THE DATA |
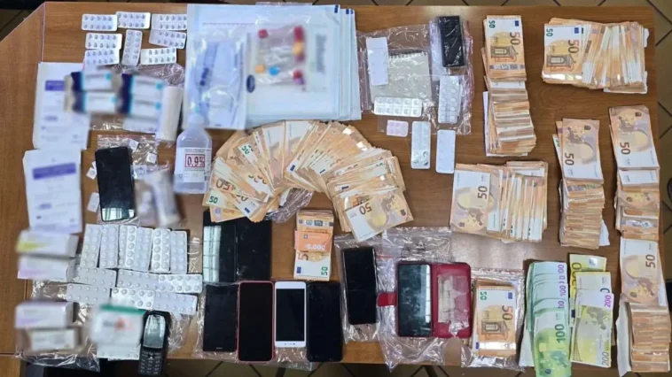 63.615 ευρώ, πλήθος εγγράφων με χειρόγραφες σημειώσεις, φαρμακευτικά σκευάσματα (χάπια άνευ ιατρικών συνταγών),αναλώσιμα είδη νοσηλείας ασθενών (γάζες, επιθέματα κλπ), κινητά τηλέφωνα, ένας ηλεκτρονικός υπολογιστής και ατζέντες με χειρόγραφες σημειώσεις.
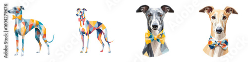 Stylish Greyhound Dogs in Geometric Art with Bow Ties on White Background
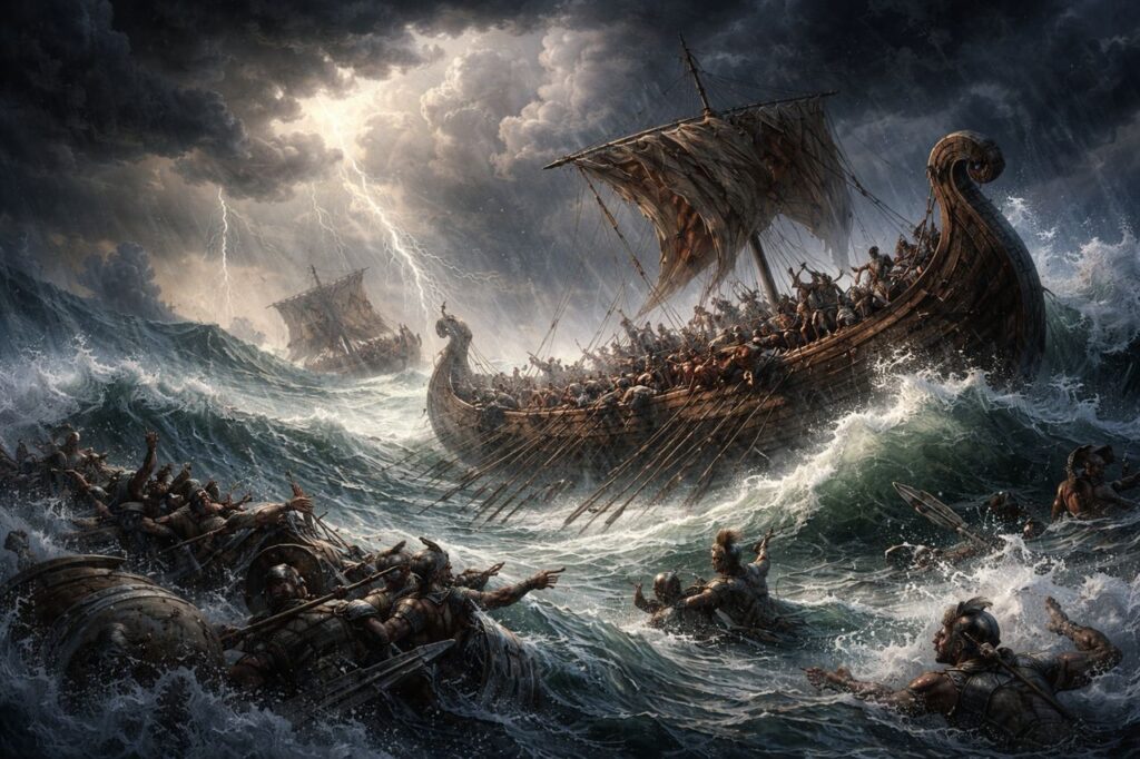 In 255 BCE, during the First Punic War, a massive storm destroyed a large Roman fleet returning from North Africa. Ancient sources describe violent winds and waves smashing hundreds of ships against the coast, killing tens of thousands of sailors. Rome had invested heavily in naval power to challenge Carthage, and the sudden loss was a severe blow. The disaster forced Rome to rebuild its fleet from scratch and rethink its naval strategy. This weather-driven catastrophe delayed Roman dominance at sea and prolonged the war, demonstrating how natural forces could abruptly overturn carefully planned military ambitions.
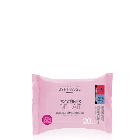 BYPHASSE LINGETTES DÉMAQUILLANTES AUX PROTÉINES DE LAIT TOUS TYPES DE PEAUX 20 UNITÉS

WORK TO COMPLETE |
Nothing should appear in the answer except the lines from the first line of the data through the line holding "Stylish Greyhound Dogs", exactly as written, with pictures left out.

THE ANSWER |
 63.615 ευρώ, πλήθος εγγράφων με χειρόγραφες σημειώσεις, φαρμακευτικά σκευάσματα (χάπια άνευ ιατρικών συνταγών),αναλώσιμα είδη νοσηλείας ασθενών (γάζες, επιθέματα κλπ), κινητά τηλέφωνα, ένας ηλεκτρονικός υπολογιστής και ατζέντες με χειρόγραφες σημειώσεις.
 Stylish Greyhound Dogs in Geometric Art with Bow Ties on White Background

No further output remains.